Well, yes and no. To start, sometimes the B is flatted (lowered) in Dorian, Lydian, Hypodorian, and Hypolydian modes (to avoid a “clash” between B♮and B♭)[3]. Also, the position of the tonic (final) note is different between the two scales. In Dorian, it’s a D. In Hypomixolydian, it’s G. You don’t have to worry too much about all that — and if you’re really intrigued, again, I recommend taking some formal theory classes to help understand it all.

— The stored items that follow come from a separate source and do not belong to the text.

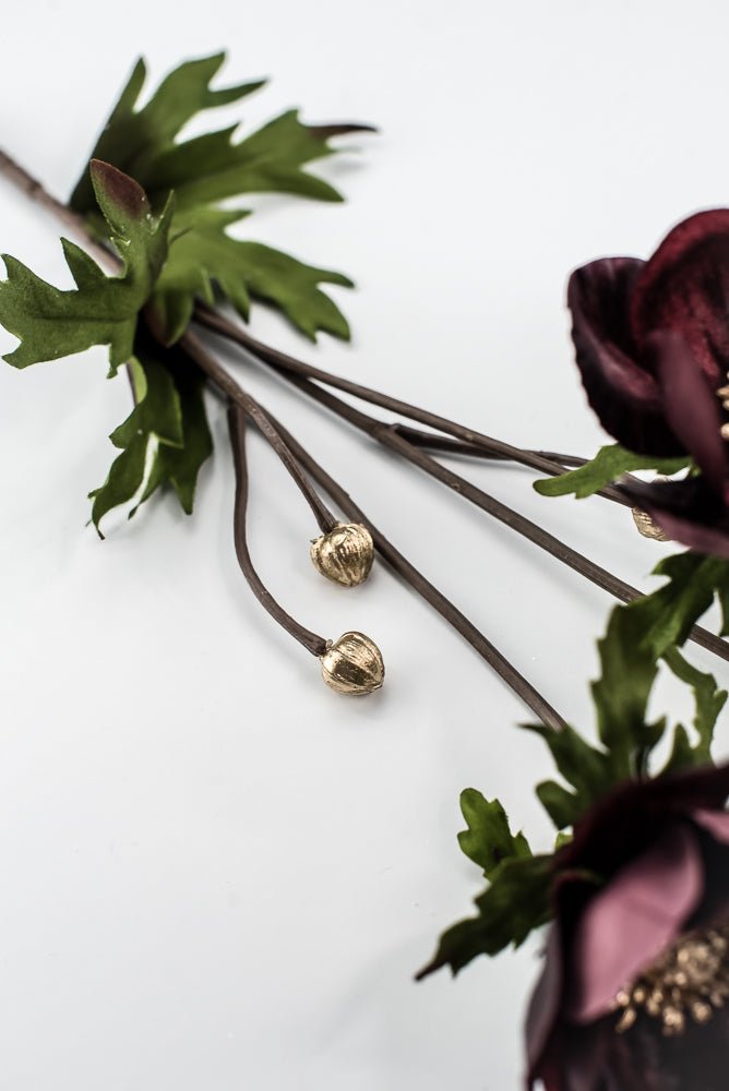 Glamour Velvet Anemone Spray x 3, 29", Burgundy
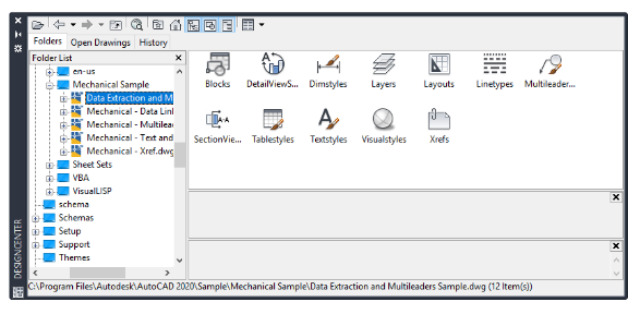 When you click the Folders tab or the Open Drawings tab, the following two panes are displayed from which you can manage drawing content:
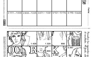 Veinte operaciones de restar con unidades de millar. Puede realizarse dentro de cada celda, mentalmente o usar rejillas ABN para su resolución. Dejamos una plantilla de rejillas para imprimir si el docente lo considera necesario. El puzle está montado a partir de un dibujo de la película musical juvenil «Camp … Sigue leyendo Restas hasta las unidades de millar

The important thing to take away is that this was the methodology used by clerics for hundreds of years to compose liturgical music. As the four, then eight, and eventually twelve modes of chant evolved, they influenced other Medieval and Renaissance music produced by court composers. The influence of these modes is a large factor in why the music of that era has a particular sound, distinguishing it from more modern pieces.[4]

But I want to stress again here that this is only the case in most of western Europe, in areas where the Church held a great deal of influence. In fact, Early Music scholars sometimes call it “Frankish” or “Carolingian” chant to try to allow for all the other varieties of chant that were evolving during this time. And in other areas, Eastern European, Chinese, Japanese, Middle Eastern, Sephardic, Ladino, African, and Native American musical structure were not nearly as influenced by the Gregorian modes for most of period, to name just a few. So they are often markedly different from this Gothic European sound.

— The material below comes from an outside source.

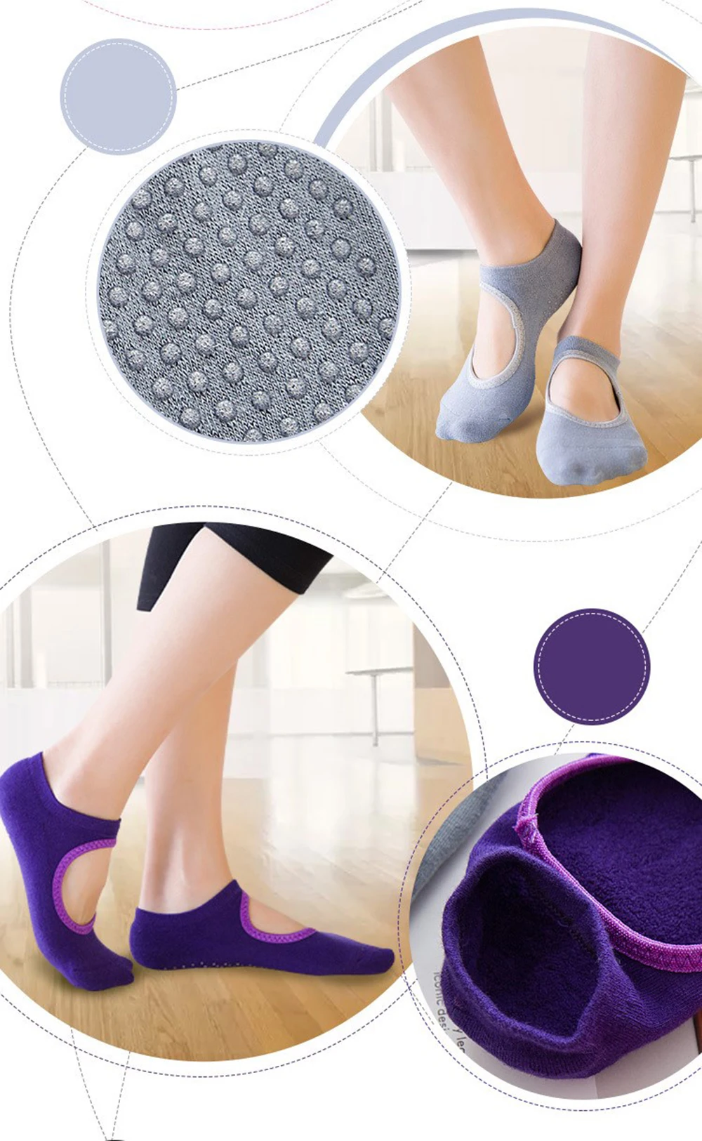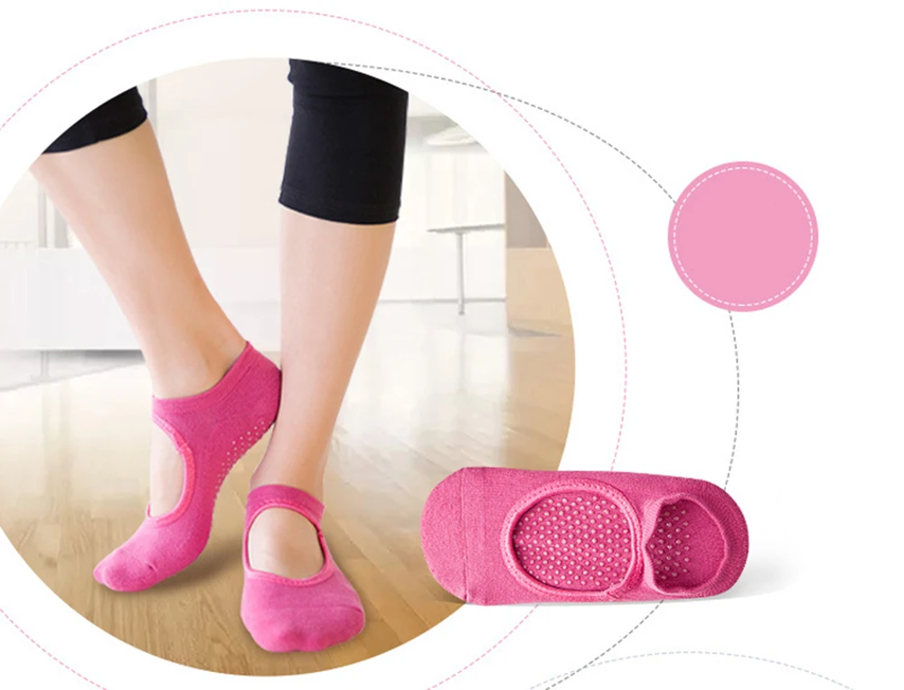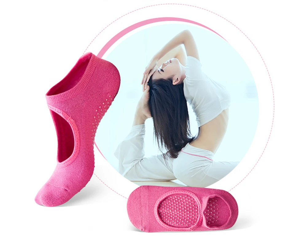 Женские спортивные носки для занятий фитнесом, йогой, топ для занятия танцами Пилатес, спортивные носки из чесаного хлопка, Нескользящие силиконовые носки с открытой спиной, тапочки, короткие носки, calcetines
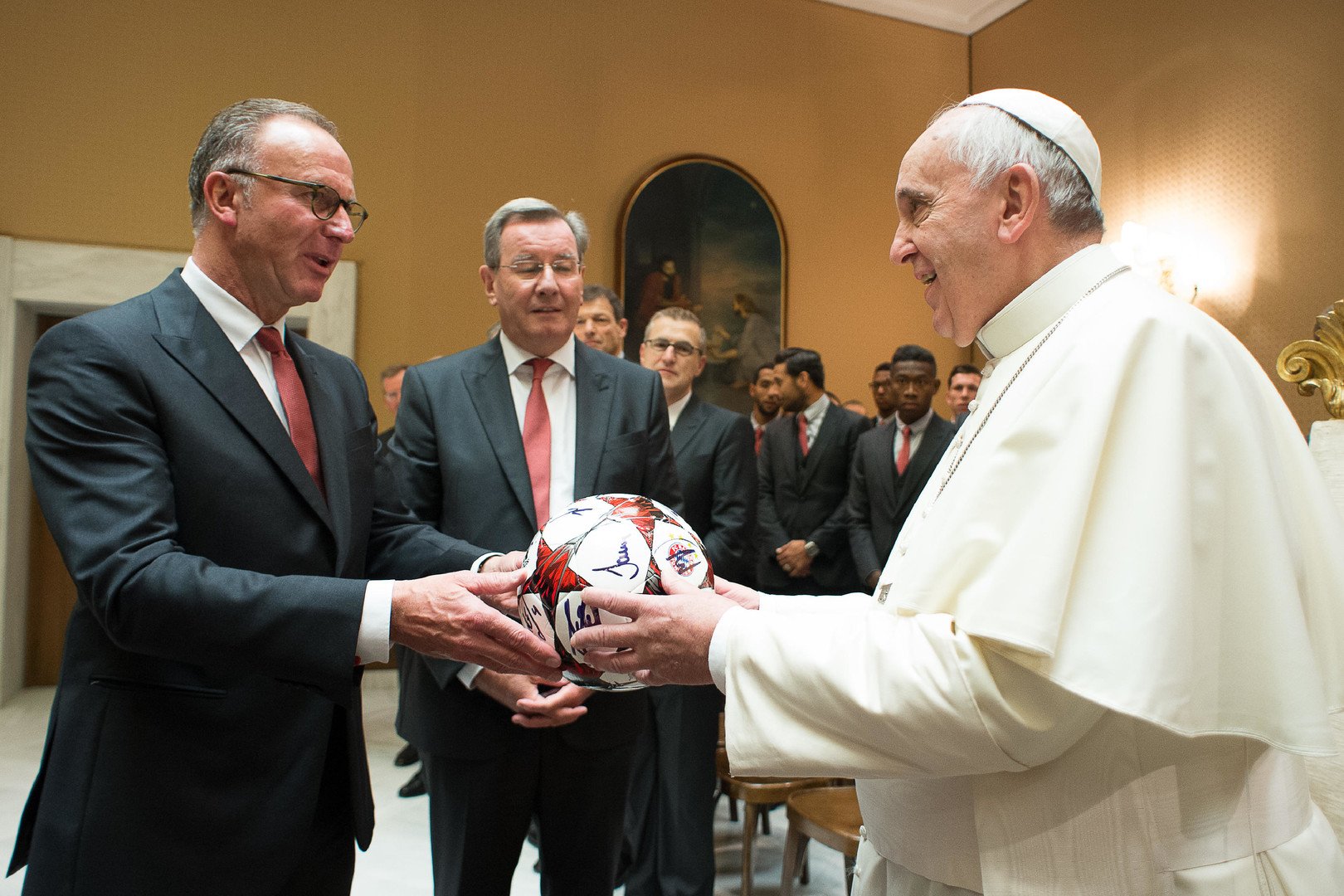التقت بعثة فريق بايرن ميونيخ الألماني، مع بابا الفاتيكان، بعد فوزه الساحق على فريق روما (7-1) في الجولة الثالثة لدور المجموعات لدوري أبطال أوروبا لكرة القدم يوم الثلاثاء.

Another big factor to remember is that the secular music that followed these rules was basically limited to the music of the high court, composed by learned scholars who had likely been educated by monks or nuns in the proper composition of music using these modes. The Church, and the Courts with their wealthy patrons, had the resources and the power to see to it that these pieces were preserved. They sponsored the compliation of books that collected music in written notation. That is why a preponderance of extant music from the Middle Ages and Renaissance employs these sounds: The music of the court and the church, is, quite simply, what survived intact.

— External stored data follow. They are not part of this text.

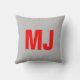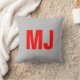 Trendy unique grey red bold monogram name initials throw pillow
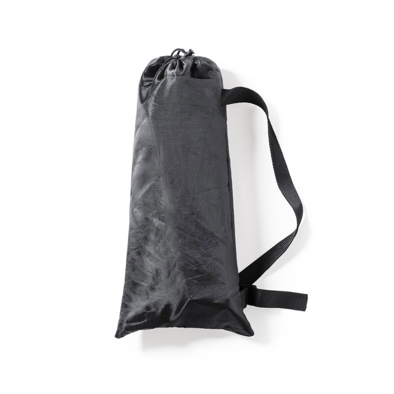 Mesa dobrável com resistente corpo de metal tubular e superfície em resistente poliéster 600D. Com costuras reforçadas e reforços antideslizantes nos pés. De fácil dobragem e tamanho compacto, apresentada em bolsa individual.
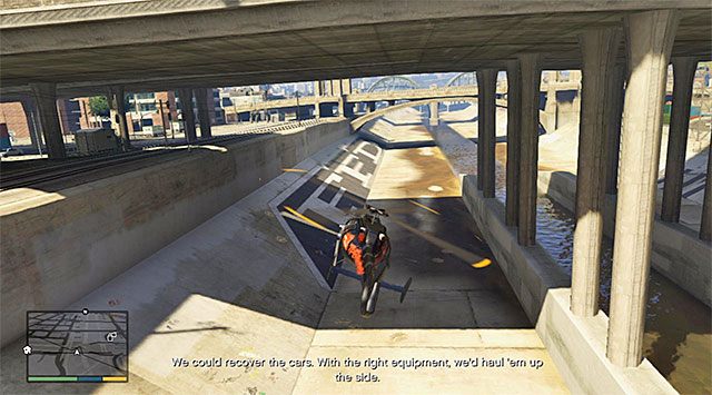 While following the trucks, it pays off to switch to the cinematic camera on a regular basis, which will show you the view from Lester's camera. It is, all in all, a good idea because using this view, will make it easier to fly the chopper in a straight line. Along your way, look out for bridges and fly underneath, at least, one of them. Try not to lose the visuals of the vans, because you will not be able to spot them on your radar but, at the same time, do not exaggerate with following them too closely, especially that they will be making frequent stops for, e.g. traffic lights.
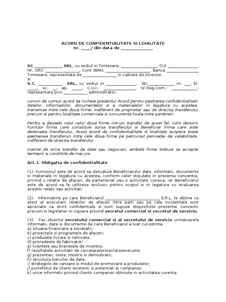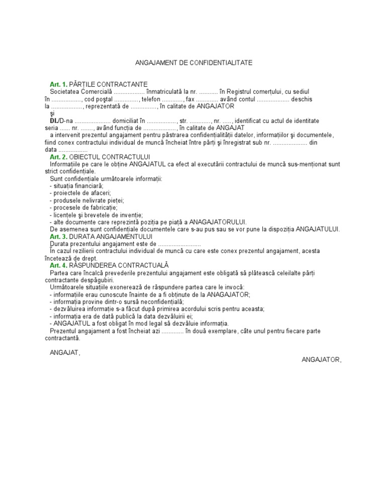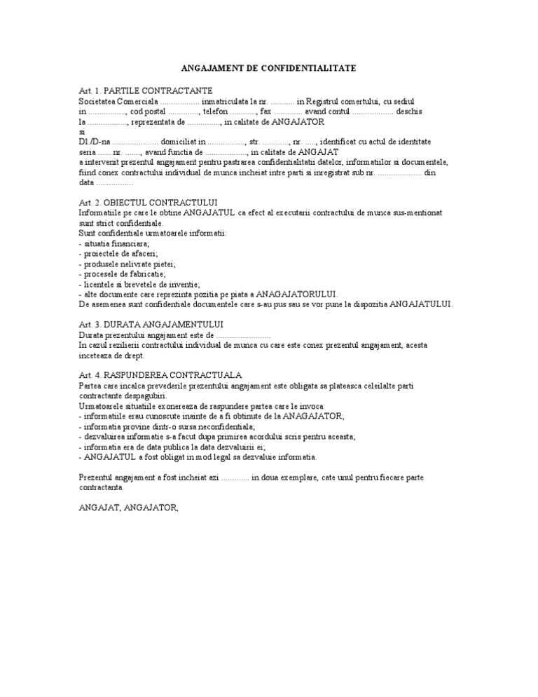 Fillable Online Angajament De Confidentialitate Mentenanta

As to what might or might not have survived outside of liturgical and court music, and what rules people used to guide composition–well, that’s for another article!

Footnotes:

[1] If you’re still having trouble, think how one might use ROT13 to encrypt a statement like a spoiler on a website. You’re using all the letters in order, but offsetting where you start. So A corresponds to N, B to O, C to P, and so on. It’s the same with the notes on the scale – you can shift the relative starting point and maintain the same spaces in between the notes. The difference is that for modes, you’re not adjusting the intervals for the two places where the relative pitch is not a perfect step up or down. Get it?

[2] Except for when it wasn’t. But let’s not get ahead of ourselves.

[3] See note #2 — here’s where it catches up with us!

[4] Though they do appear in secular music all the way up to the modern era. See  here for some examples.